Second, the filing argues that CNN’s use of the term the “Big Lie” is itself defamatory. Trump’s lawyers rightly note that the phrase is associated with Hitler. (Its origin is an apocryphal quote attributed to Nazi propaganda minister Joseph Goebbels: “If you tell a lie big enough and keep repeating it, people will eventually come to believe it.”) In this context, it refers to Trump’s (ongoing) insistence that President Joe Biden’s victory in 2020 was the result of massive fraud and his demands that the election results be cast out.
That CNN would dare use such a phrase is outrageous, the suit alleges, as it has “not used it against other political leaders and previously criticized political analogies to Nazi Germany and to Hitler.” (A brief aside: They are so close to understanding the truth of the matter even as they argue the opposite.)
All told, Trump’s lawyers say they provided CNN with five examples of the term that should be retracted. That includes an opinion essay from Ruth Ben-Ghiat (who also writes for MSNBC) that argued the “Big Lie” was only possible because of Trump “unleashing a barrage of disinformation common in authoritarian states but without precedent in the history of the American presidency.” It also names three articles by CNN political analyst and blogger Chris Cillizza and a CNN broadcast where host Jake Tapper called out Trump’s “deranged election lies.”
(Another brief aside: The suit refers to Cillizza by his official title, rendered as “CNN Editor-at-Large” as though this grants him some special sort of power over a network’s coverage. It does not.)
This suit, Trump’s lawyers say, was made necessary because CNN refused to retract its claims. But as CNN made clear in its response letter to Trump’s lawyers, at no point did the former president’s team bother to get into why the network’s anchors, analysts and columnists were willing to say that Trump was lying. Answer: Because he was lying and any attempt to counter that in court by putting those lies into a filing could have consequences for the lawyers who submit them.

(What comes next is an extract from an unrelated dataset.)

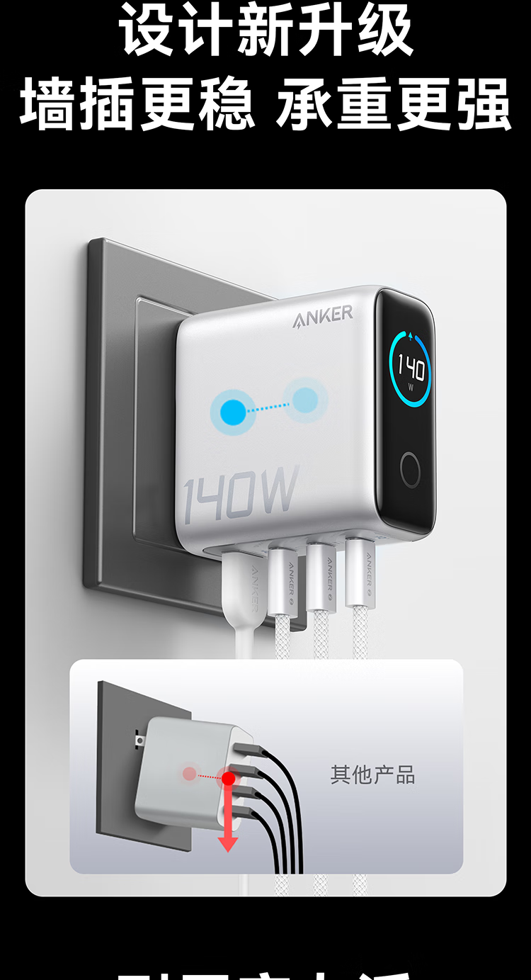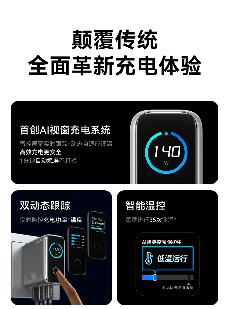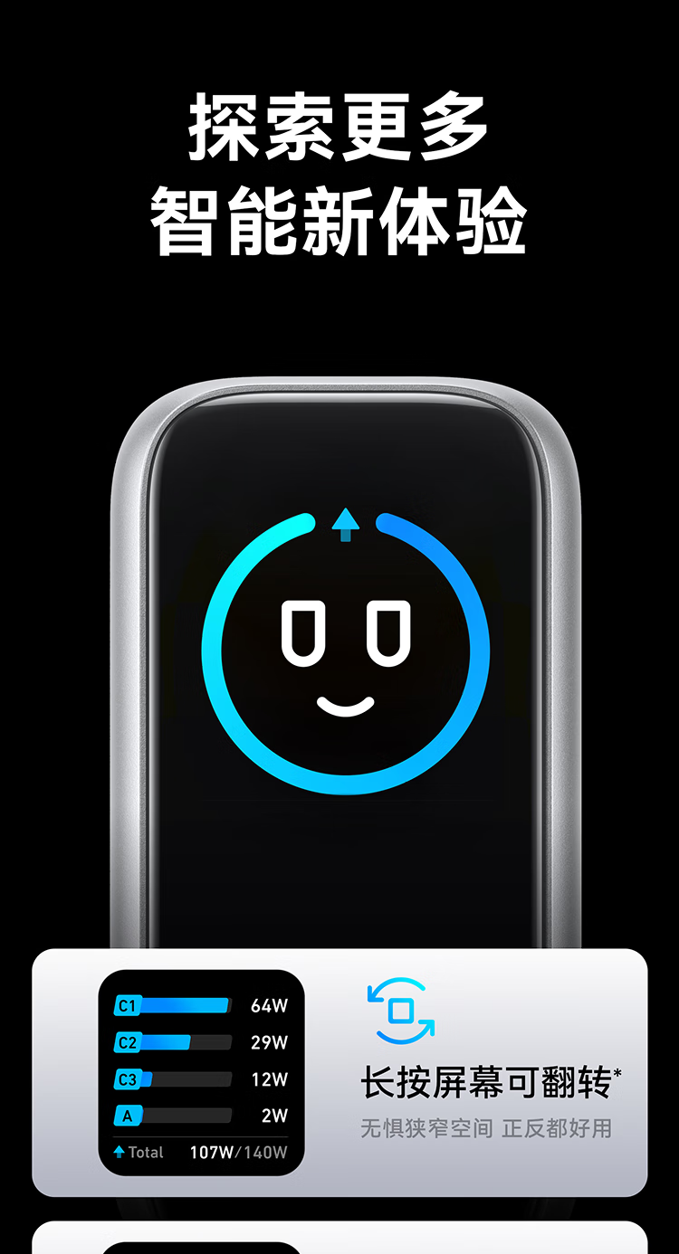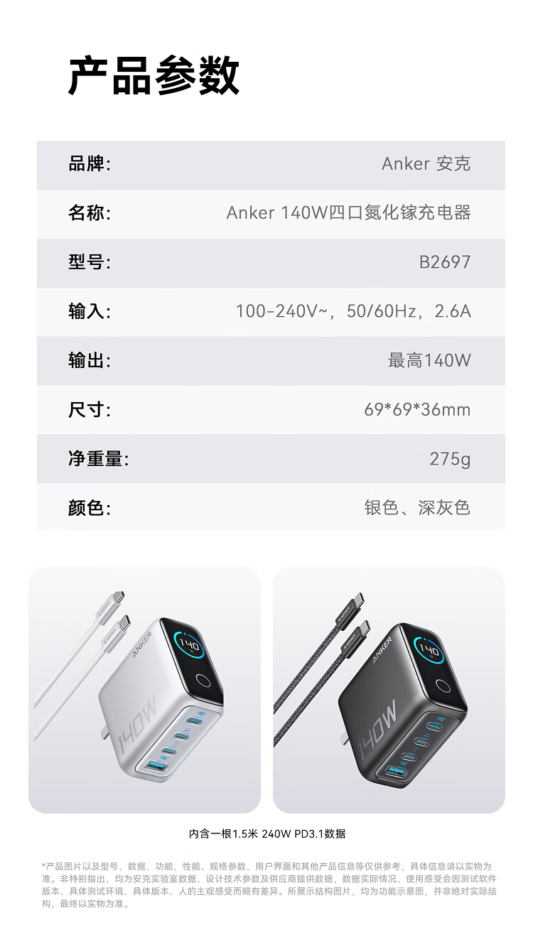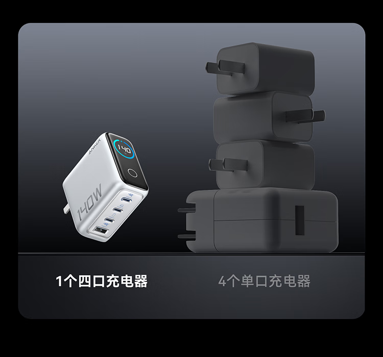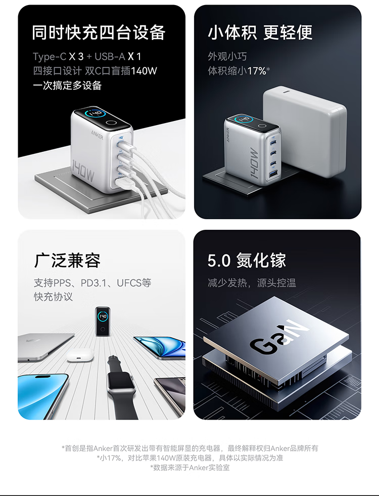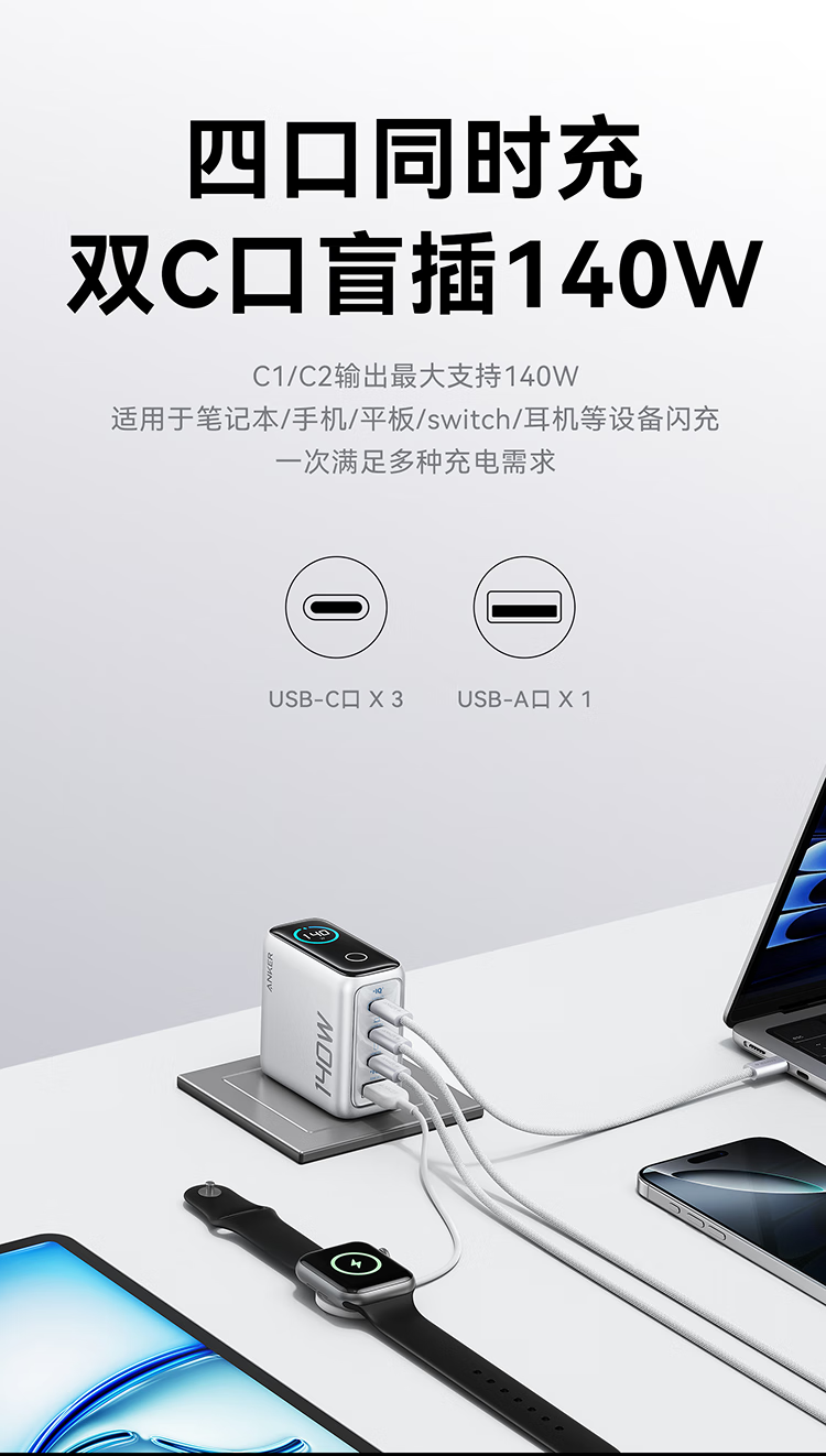 ANKER Anke smart display charging 140W charger set gallium nitride screen display type-c multi-port PD fast charging 100W head suitable for Apple 17 iPhone mobile phone laptop silver
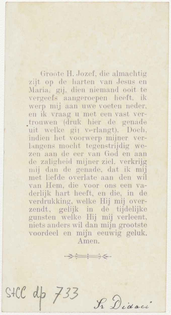 H. Jozef met kindje Jezus, kz. Gebed, met "Sr. Didaci"

Which brings us to the suit’s final argument: that CNN has allowed Democrats to doubt the validity of election results, especially after Trump’s win in 2016, without getting the “Big Lie” label, showing CNN’s political bias. The difference here, as I’ve noted before, is that when the Russia investigation concluded, Democrats stopped making wild claims that the facts couldn’t bear out. Speculation when evidence is lacking is not the same as continuing to repeat the same claims once there’s proof that they aren’t true.